TASK TO COMPLETE:
Begin at the line that has "しかし予想に反して円安が進み", stop after the line that has "Rep your squad", and print exactly those lines from the records below, without any pictures.

INFORMATION:

━━━━

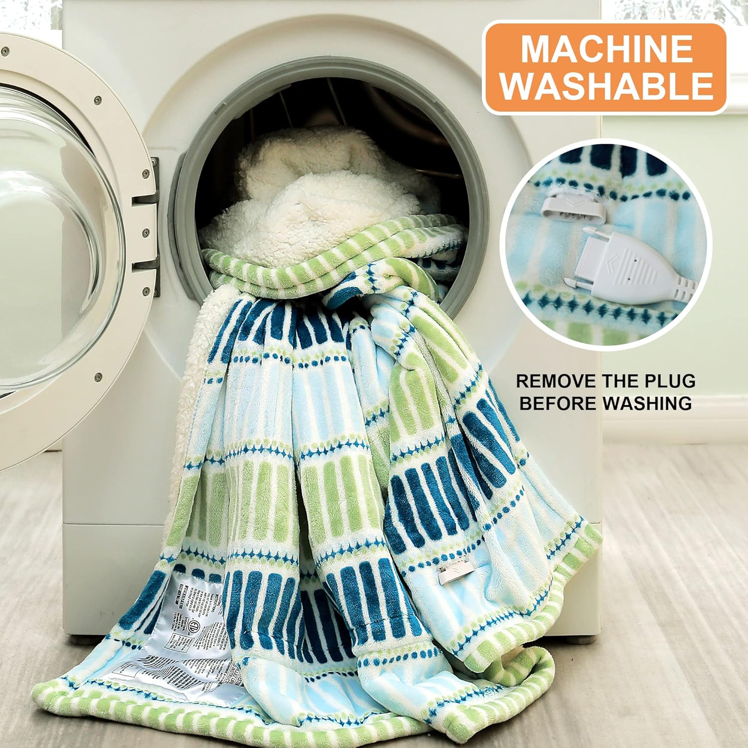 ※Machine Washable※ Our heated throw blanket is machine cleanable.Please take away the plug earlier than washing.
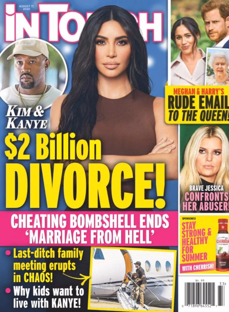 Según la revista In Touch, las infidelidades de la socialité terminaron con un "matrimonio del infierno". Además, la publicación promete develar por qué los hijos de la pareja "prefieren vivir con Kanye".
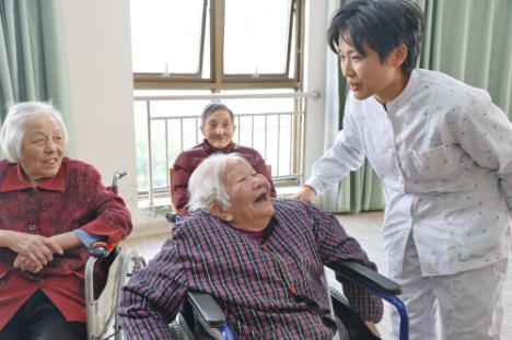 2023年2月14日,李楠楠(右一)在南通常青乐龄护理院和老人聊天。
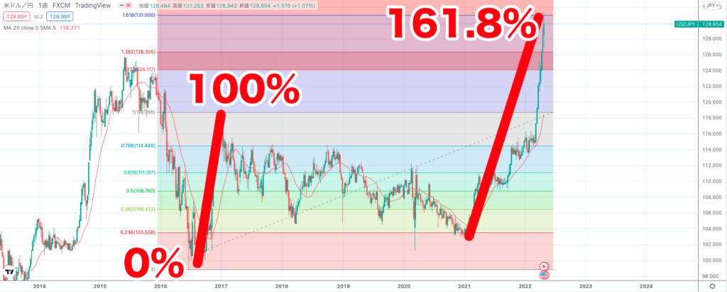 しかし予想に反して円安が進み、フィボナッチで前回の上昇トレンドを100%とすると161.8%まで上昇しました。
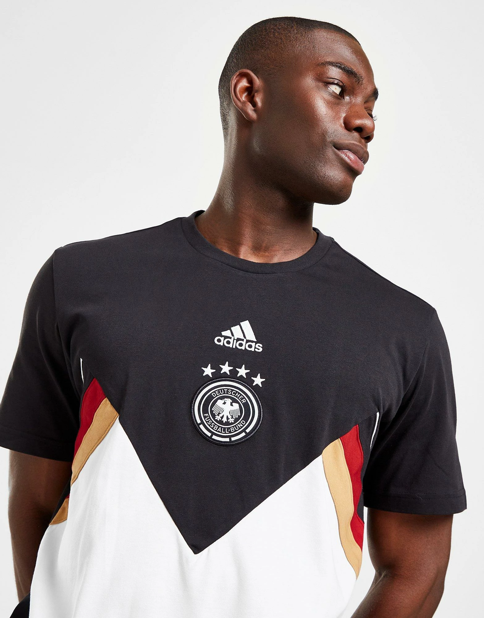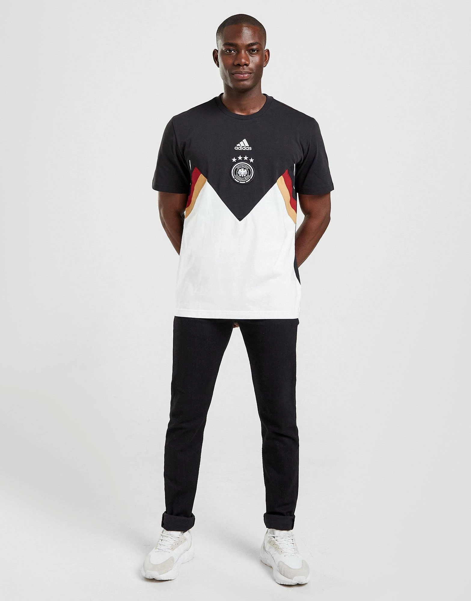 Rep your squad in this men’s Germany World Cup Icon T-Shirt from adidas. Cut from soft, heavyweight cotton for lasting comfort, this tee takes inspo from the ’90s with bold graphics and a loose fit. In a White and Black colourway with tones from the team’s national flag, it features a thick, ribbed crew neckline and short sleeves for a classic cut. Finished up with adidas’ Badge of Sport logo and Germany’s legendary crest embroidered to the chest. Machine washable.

━━━━

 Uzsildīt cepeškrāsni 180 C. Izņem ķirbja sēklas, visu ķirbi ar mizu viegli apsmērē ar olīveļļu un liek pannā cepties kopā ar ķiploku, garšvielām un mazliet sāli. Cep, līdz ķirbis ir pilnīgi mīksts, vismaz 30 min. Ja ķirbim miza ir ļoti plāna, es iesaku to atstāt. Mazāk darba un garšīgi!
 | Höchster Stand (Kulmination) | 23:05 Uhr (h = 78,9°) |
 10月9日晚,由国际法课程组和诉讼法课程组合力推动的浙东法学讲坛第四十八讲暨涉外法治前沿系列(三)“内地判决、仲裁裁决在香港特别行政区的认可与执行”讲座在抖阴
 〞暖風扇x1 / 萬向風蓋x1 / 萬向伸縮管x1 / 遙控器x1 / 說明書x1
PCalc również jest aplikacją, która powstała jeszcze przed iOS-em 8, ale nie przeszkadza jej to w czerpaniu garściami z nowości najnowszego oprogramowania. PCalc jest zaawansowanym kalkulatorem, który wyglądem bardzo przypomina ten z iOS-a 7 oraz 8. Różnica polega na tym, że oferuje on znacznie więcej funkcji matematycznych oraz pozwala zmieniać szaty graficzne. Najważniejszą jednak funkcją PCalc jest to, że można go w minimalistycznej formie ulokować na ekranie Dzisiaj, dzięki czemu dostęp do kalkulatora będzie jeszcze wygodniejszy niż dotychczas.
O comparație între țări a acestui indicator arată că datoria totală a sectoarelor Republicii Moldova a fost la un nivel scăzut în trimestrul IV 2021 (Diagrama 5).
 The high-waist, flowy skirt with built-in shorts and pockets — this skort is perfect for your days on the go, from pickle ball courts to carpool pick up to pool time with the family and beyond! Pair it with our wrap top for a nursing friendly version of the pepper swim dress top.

━━━━

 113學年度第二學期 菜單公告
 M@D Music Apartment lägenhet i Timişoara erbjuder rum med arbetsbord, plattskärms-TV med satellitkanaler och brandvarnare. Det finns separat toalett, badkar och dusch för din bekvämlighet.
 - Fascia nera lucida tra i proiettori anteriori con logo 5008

━━━━

RESPONSE TO THIS EXERCISE:
 しかし予想に反して円安が進み、フィボナッチで前回の上昇トレンドを100%とすると161.8%まで上昇しました。
 Rep your squad in this men’s Germany World Cup Icon T-Shirt from adidas. Cut from soft, heavyweight cotton for lasting comfort, this tee takes inspo from the ’90s with bold graphics and a loose fit. In a White and Black colourway with tones from the team’s national flag, it features a thick, ribbed crew neckline and short sleeves for a classic cut. Finished up with adidas’ Badge of Sport logo and Germany’s legendary crest embroidered to the chest. Machine washable.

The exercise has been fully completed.